This study has several limitations. First, the restricted sample size precluded subgroup analyses on the disease activity and remission status. Future research should expand cohorts to comprehensively characterize WM microstructural changes across different disease states. Second, the participants were not stratified by their duration of abdominal pain. Subsequent studies may conduct gradient analyses across defined pain chronicity categories—specifically, recent abdominal pain (onset ≤ 4 weeks), intermittent abdominal pain within 1 year (≥3 recurrent episodes within 1 year with symptom-free intervals) and persistent abdominal pain (continuous pain ≥3 months)—to more precisely elucidate the dynamic effects of pain chronicity on the central nervous system. Third, as a cross-sectional design, this study inherently precludes causal inferences regarding abdominal pain and WM alterations. Future longitudinal studies tracking WM dynamics along pain progression, coupled with targeted interventions (such as vagus nerve stimulation), are needed to establish temporal relationships and causality. Finally, the findings may be influenced by confounders (including the use of immunosuppressants or antidepressants) and limited generalizability due to recruitment from a single center. Regional factors such as dietary habits or genetic backgrounds specific to this cohort may restrict the extrapolation of results to broader IBD populations. Future research must incorporate multivariate analyses to control for pharmacological confounders and employ multicenter recruitment strategies to increase external validity.

5 Conclusions

In this study, we investigated the differences in WM microstructure between patients with IBD and HCs using DTI. Through PLSC analysis, an effective method for identifying multivariate relationships, WM alterations in patients were found to be significantly correlated with negative emotional perceptions, particularly pain-related manifestations. Chronic abdominal pain, a prevalent symptom of IBD, substantially compromises quality of life and emotional well-being. Critically, within the gut–brain axis framework, persistent abdominal pain and brain WM changes exhibit bidirectional interdependence, wherein neuroadaptive processes may intensify pain perception while nociceptive signaling potentially facilitates microstructural remodeling.
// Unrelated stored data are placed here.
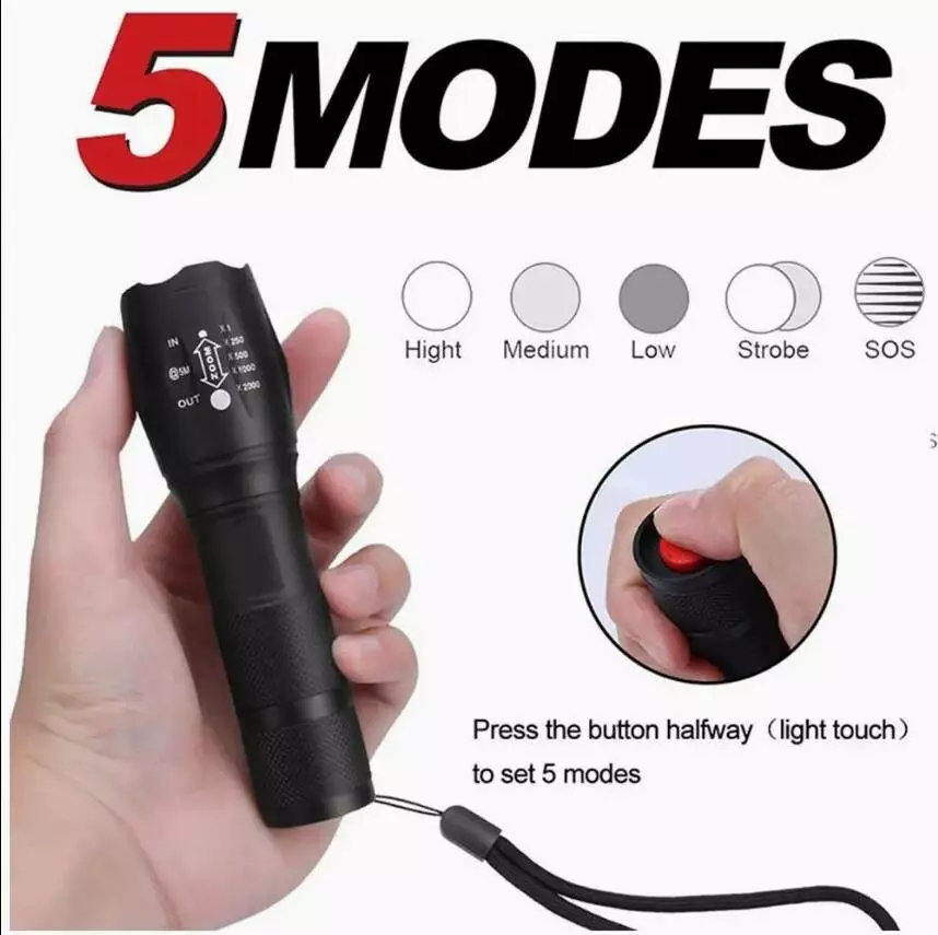 П'ять режимів освітлення: 100%, 60%, 40%, стробоскоп, SOS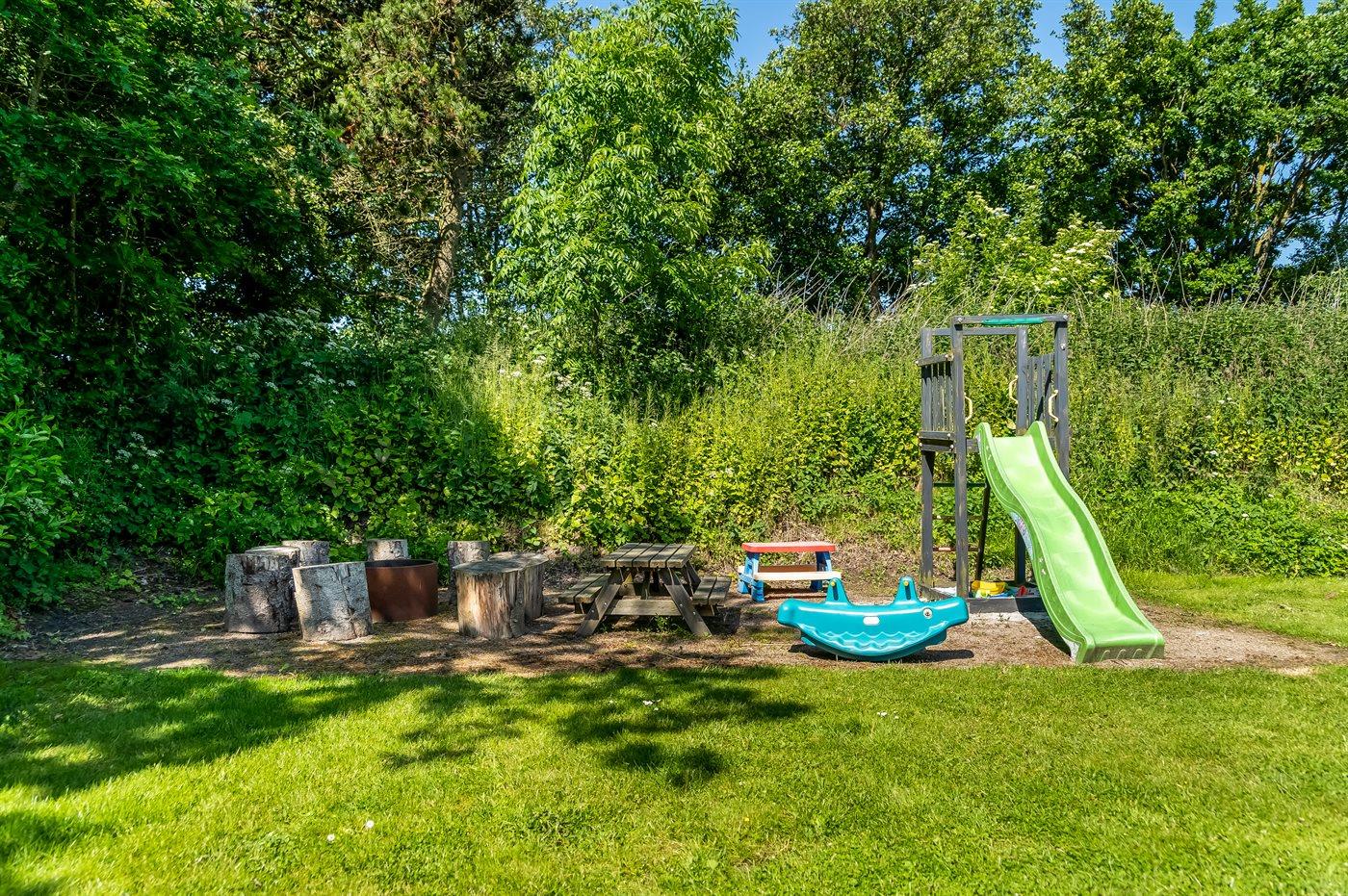 Die Ferienunterkunft liegt auf einem 1500 m² großen Gartengrundstück. Das Grundstück ist eingezäunt. Die Entfernung zum Meer beträgt 1300 m. Die Entfernung zum Fjord beträgt 700 m. Die nächste Einkaufsmöglichkeit liegt 650 m entfernt. Es steht ein 100 m² Terrassenareal zur Verfügung. Geräteraum. Sandkasten. Fußballtor.Lagerfeuerstelle. Es steht ein Grill zur Verfügung. Es ist ein Ladestecker für Elektroautos installiert. Parkplatz auf dem Grundstück.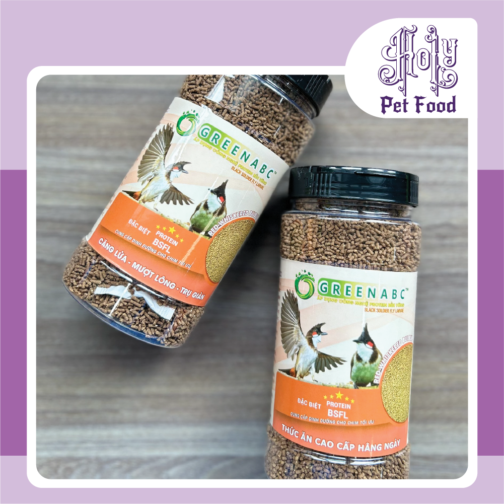 GREENABC - THỨC ĂN CHIM CHÀO MÀO GREENABC là thức ăn cao cấp dành cho CHIM CHÀO MÀO. Đặc biệt sản phẩm GREENABC được sản xuất theo phương pháp Áp dụng công nghệ PROTEIN bền vững từ bột đạm G.Meal rất giàu PROTEIN – CANXI – LIPID có trong BSFL, đã được Mỹ (AAFCO) và EU chấp nhận đưa vào công thức cho ngành sản xuất thức ăn dành cho vật nuôi. Sản phẩm GREENABC cung cấp các giá trị dinh dưỡng bền vững cho thú cưng, giúp chim:      + Kích thích vị giác, ăn ngon miệng hơn.      + Tiêu hóa tốt, tăng cường hấp thụ các dưỡng chất.      + Cơ thể khỏe mạnh, cân đối săn chắc, căng lửa đều ổn định.      + Tăng cường miễn dịch, chống lại các bệnh thường gặp.      + Đặc biệt với thành phần G.Meal đầy đủ các dưỡng chất cần thiết giúp cơ thể phát triển toàn diện.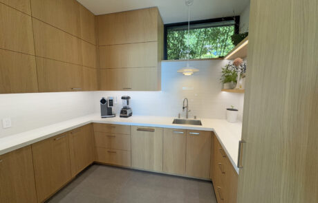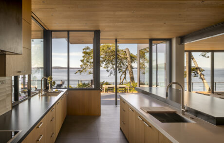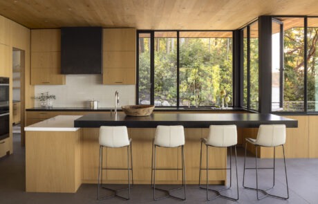 Inside, the oak ceiling and custom European white oak cabinetry bring warmth and natural elegance to the space, beautifully grounded by large-format concrete-look tile flooring. At the center, a massive raised island anchors the kitchen, with a seating counter made from a single slab of dark gray schist stone—its bold contrast setting off the seamless white Krion countertops used throughout the prep zones and pantry. Naturally antimicrobial, food-safe, and 100% recyclable, Krion was selected for its durability, beauty, and sustainability.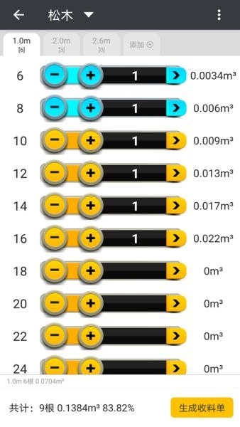 材积计算器手机版介绍:木材行业实用工具,快速体积计算,体积表查询,可针对不同树种、长度、直径设置价格,最终快速计算总价,分类清晰,结果清晰,计算结果可共享。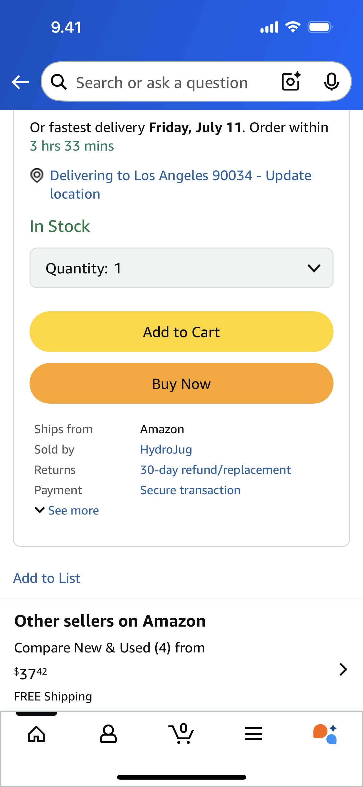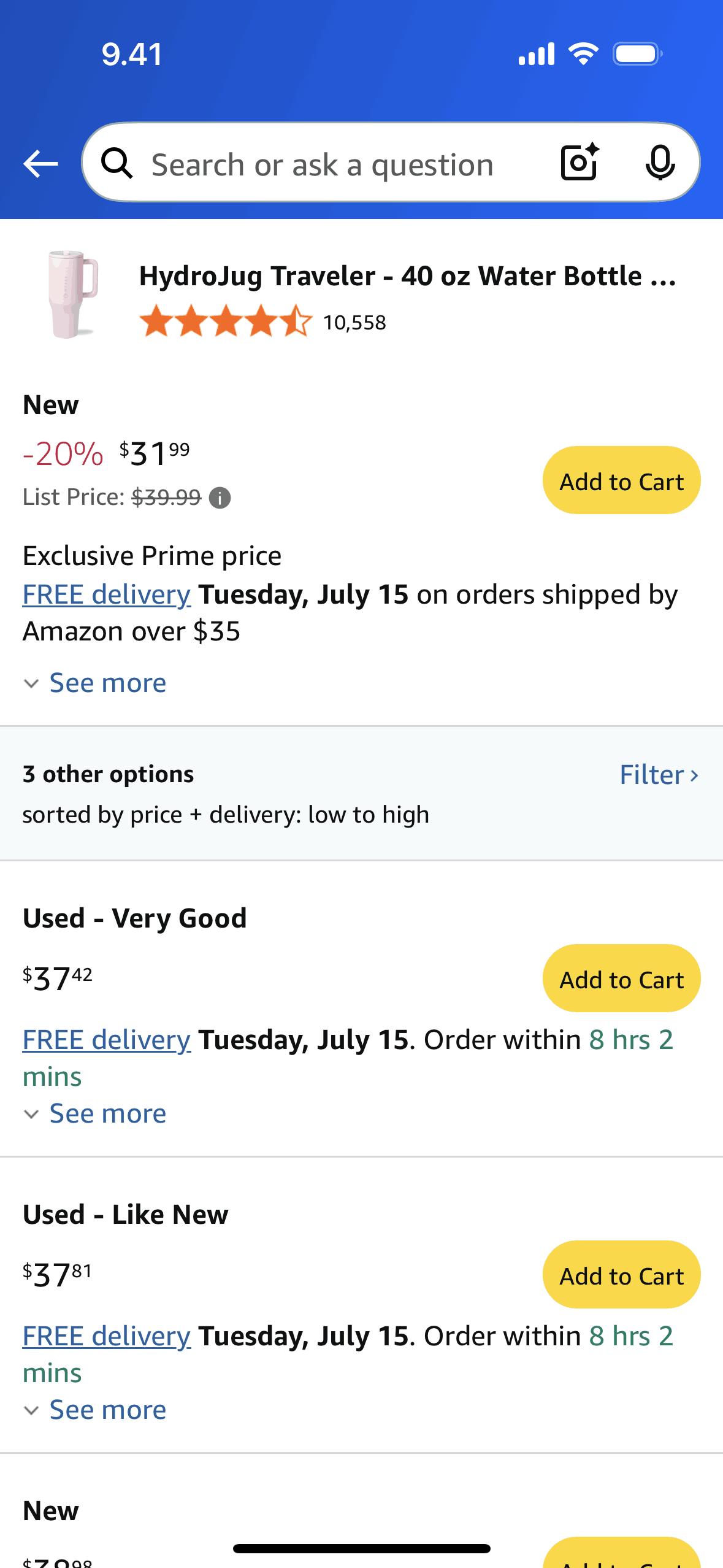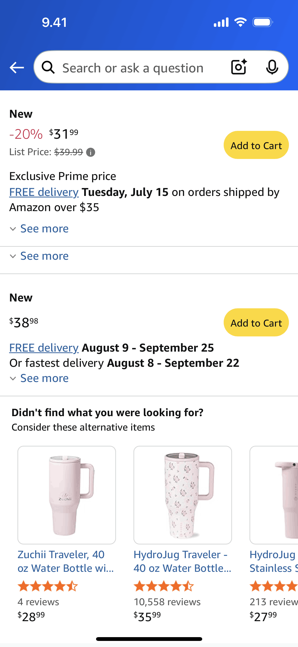 The user browses a product and compares prices from different sellers. The user can also explore alternative products.

These reciprocal interactions can impair patients’ disease management abilities, reduce treatment adherence, and ultimately influence clinical outcomes (Hasan and Nicolaidis, 2020). Therefore, in the treatment and management of patients with IBD, in addition to addressing the relief of intestinal symptoms, attention should also be given to negative emotional issues related to brain microstructure and function. Furthermore, effectively utilizing the therapeutic potential may have important implications for the future development of IBD treatment strategies.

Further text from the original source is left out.